== Data provided
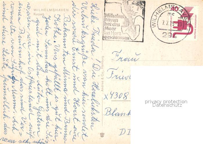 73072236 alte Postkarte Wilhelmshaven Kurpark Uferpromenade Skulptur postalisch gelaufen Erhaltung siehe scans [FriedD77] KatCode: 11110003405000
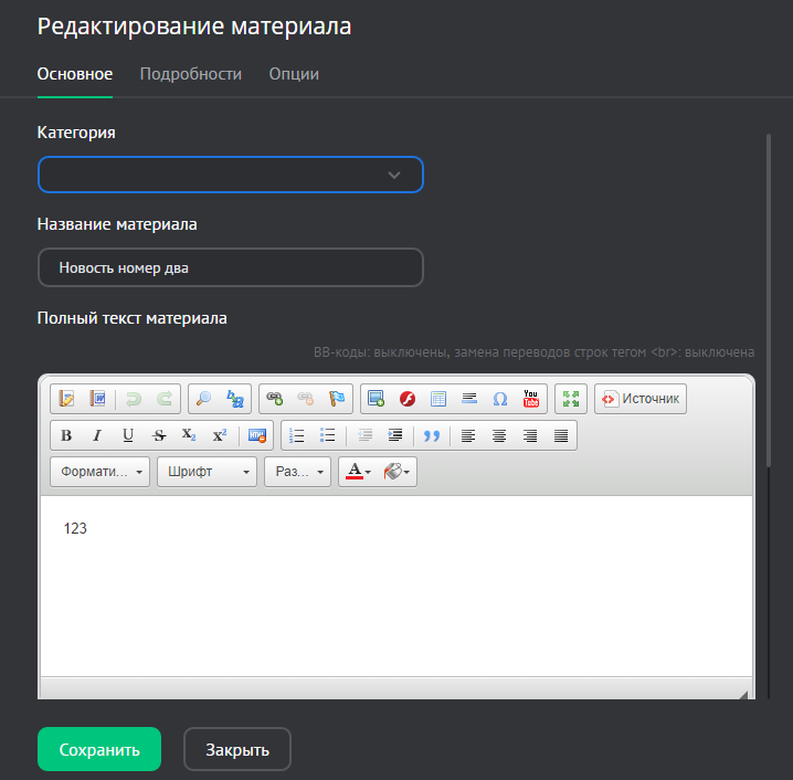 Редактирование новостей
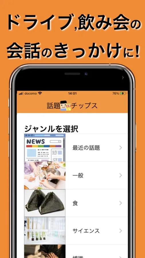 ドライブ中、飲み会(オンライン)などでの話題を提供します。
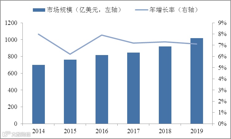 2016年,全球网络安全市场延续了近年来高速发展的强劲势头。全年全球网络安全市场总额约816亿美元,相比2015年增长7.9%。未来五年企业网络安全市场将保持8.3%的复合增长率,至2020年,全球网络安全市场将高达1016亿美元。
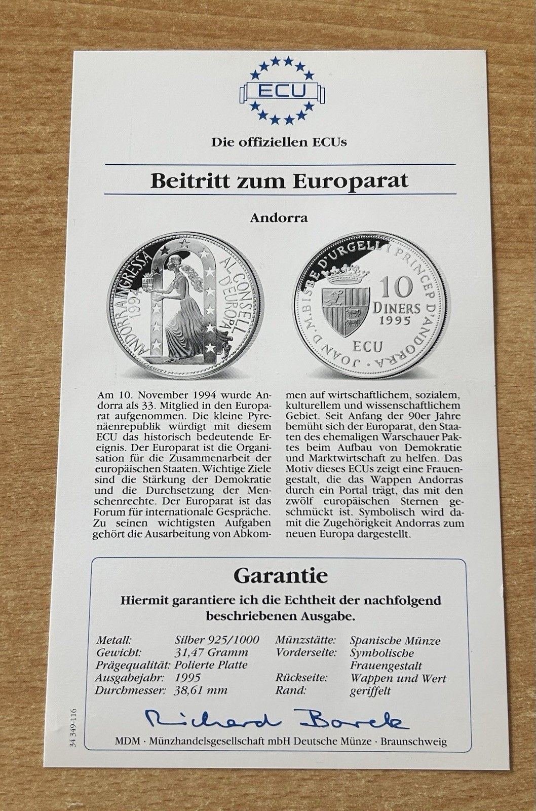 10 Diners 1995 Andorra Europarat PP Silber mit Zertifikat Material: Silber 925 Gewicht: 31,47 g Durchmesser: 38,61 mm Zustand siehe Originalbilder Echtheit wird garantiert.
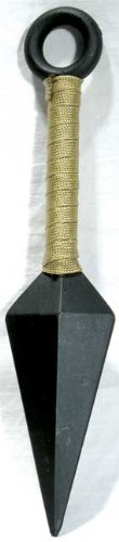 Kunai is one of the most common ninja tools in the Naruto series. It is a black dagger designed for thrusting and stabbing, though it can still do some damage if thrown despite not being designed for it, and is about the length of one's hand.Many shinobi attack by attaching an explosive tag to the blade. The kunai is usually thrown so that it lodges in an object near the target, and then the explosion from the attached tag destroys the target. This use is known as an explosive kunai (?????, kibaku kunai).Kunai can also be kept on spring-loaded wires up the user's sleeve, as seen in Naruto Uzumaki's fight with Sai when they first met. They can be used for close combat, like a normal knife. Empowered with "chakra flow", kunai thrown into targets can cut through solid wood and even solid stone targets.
====
◆ Goal of the exercise:
Please write out all the data word for word, but keep every picture out.

◆ Reply to the exercise:
 73072236 alte Postkarte Wilhelmshaven Kurpark Uferpromenade Skulptur postalisch gelaufen Erhaltung siehe scans [FriedD77] KatCode: 11110003405000
 Редактирование новостей
 ドライブ中、飲み会(オンライン)などでの話題を提供します。
 2016年,全球网络安全市场延续了近年来高速发展的强劲势头。全年全球网络安全市场总额约816亿美元,相比2015年增长7.9%。未来五年企业网络安全市场将保持8.3%的复合增长率,至2020年,全球网络安全市场将高达1016亿美元。
 10 Diners 1995 Andorra Europarat PP Silber mit Zertifikat Material: Silber 925 Gewicht: 31,47 g Durchmesser: 38,61 mm Zustand siehe Originalbilder Echtheit wird garantiert.
 Kunai is one of the most common ninja tools in the Naruto series. It is a black dagger designed for thrusting and stabbing, though it can still do some damage if thrown despite not being designed for it, and is about the length of one's hand.Many shinobi attack by attaching an explosive tag to the blade. The kunai is usually thrown so that it lodges in an object near the target, and then the explosion from the attached tag destroys the target. This use is known as an explosive kunai (?????, kibaku kunai).Kunai can also be kept on spring-loaded wires up the user's sleeve, as seen in Naruto Uzumaki's fight with Sai when they first met. They can be used for close combat, like a normal knife. Empowered with "chakra flow", kunai thrown into targets can cut through solid wood and even solid stone targets.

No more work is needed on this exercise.